I went to my first MAC/EL warehouse sale this weekend in Markham (just north of Toronto).  Lots of colour cosmetics were sold out by the time I got there though =(

All prices in Canadian $.

MAC:
Fiction e/s pan $2
Blue Edge e/s pot $8
Marisheeno l/s $9
Bourbon l/s $9
Jellybabe lipgelee $9
Fix+ $7

FREE GIFT:
Saplicious lipgelee

Gift with $5 donation to Viva Glam AIDS foundation:
Cellopink lipgelee
Bronze & Brazen Lip Polish
Speed Demon Lip Polish
Oil Control Lotion

DKNY:
Be Delicious body mist $25

Clinique:
Repairwear serum $30
Cream shaper in Frosty $7
Long Pretty Lashes mascara $8

Origins:
Night-a-Mins eye cream $15

Grassroots:
Ends Well hair cream $7


----------



## Juneplum (Mar 21, 2007)

that's still a pretty darn good haul tho!!!


----------



## Holly (Mar 21, 2007)

Lucky!
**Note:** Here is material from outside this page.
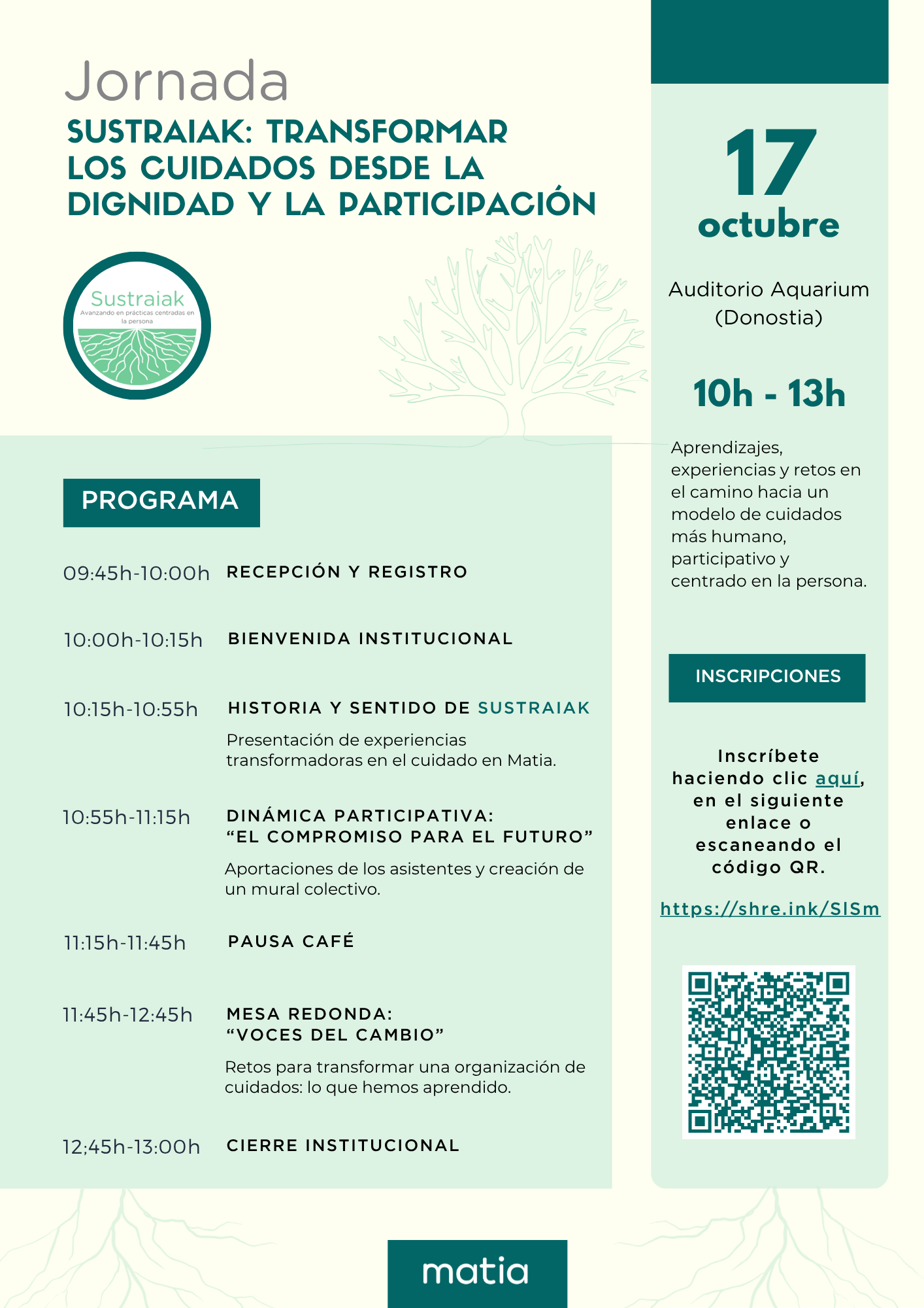 Este evento se enmarca dentro del proyecto Sustraiak, impulsado por Matia, que busca avanzar hacia un modelo de atención verdaderamente centrado en cada persona: en su dignidad, sus derechos, sus valores y su vida cotidiana. ¿Y por qué Sustraiak? Porque significa raíces. Porque este cambio quiere ser profundo, duradero y compartido. Porque transformar el modelo de cuidados es una tarea colectiva. Sustraiak se desarrolla en las viviendas de Lamourous y Bermingham, y propone nuevas formas de cuidar, convivir y decidir desde la participación de todas las personas implicadas.
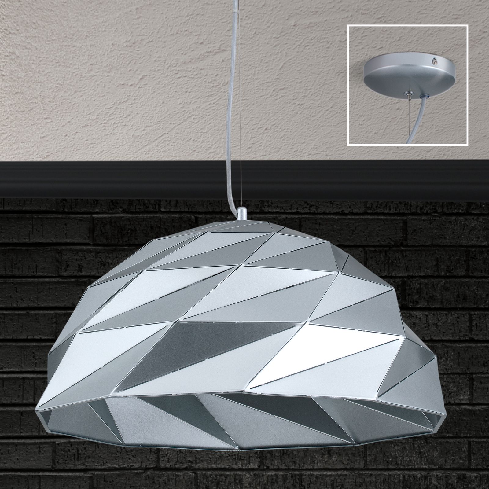 Schlicht und elegant gehaltene Interieurs lassen sich mit der Hängeleuchte namens ORIGAMI aufgrund des modernen Stylings bestens ausstatten. Ein Finish in Silber veredelt den Leuchtenkörper aus Metall. Die Hängeleuchte mit einem bemerkenswerten Durchmesser von 56 Zentimetern ist mit 3 E27-Fassungen ausgestattet und kann mit maximal 60 Watt je Fassung ausgestattet werden.

Those are amaaazing prices! Great haul


----------



## Kim. (Mar 21, 2007)

WOW!!! Where exactly in markham is this because that's really close to me!


----------



## HayleyVengeance (Mar 21, 2007)

Quote:

   Originally Posted by *Kim.* 

 
_WOW!!! Where exactly in markham is this because that's really close to me!_

 
yeah were is it?!


----------



## V2LUCKY (Mar 21, 2007)

Lucky! I would die to go to one of those sales, too bad there isn't any here in the US.


----------



## kalice (Mar 21, 2007)

awww... how did you get an invite/ticket to go? Its so close... yet so exclusive


----------



## n_c (Mar 21, 2007)

very nice!


----------



## ExquisiteImages (Mar 22, 2007)

You got a great bargain! Wish I can score such great makeup at great deals like that.


----------



## MsCuppyCakes (Mar 22, 2007)

Awesome, enjoy your goodies!


----------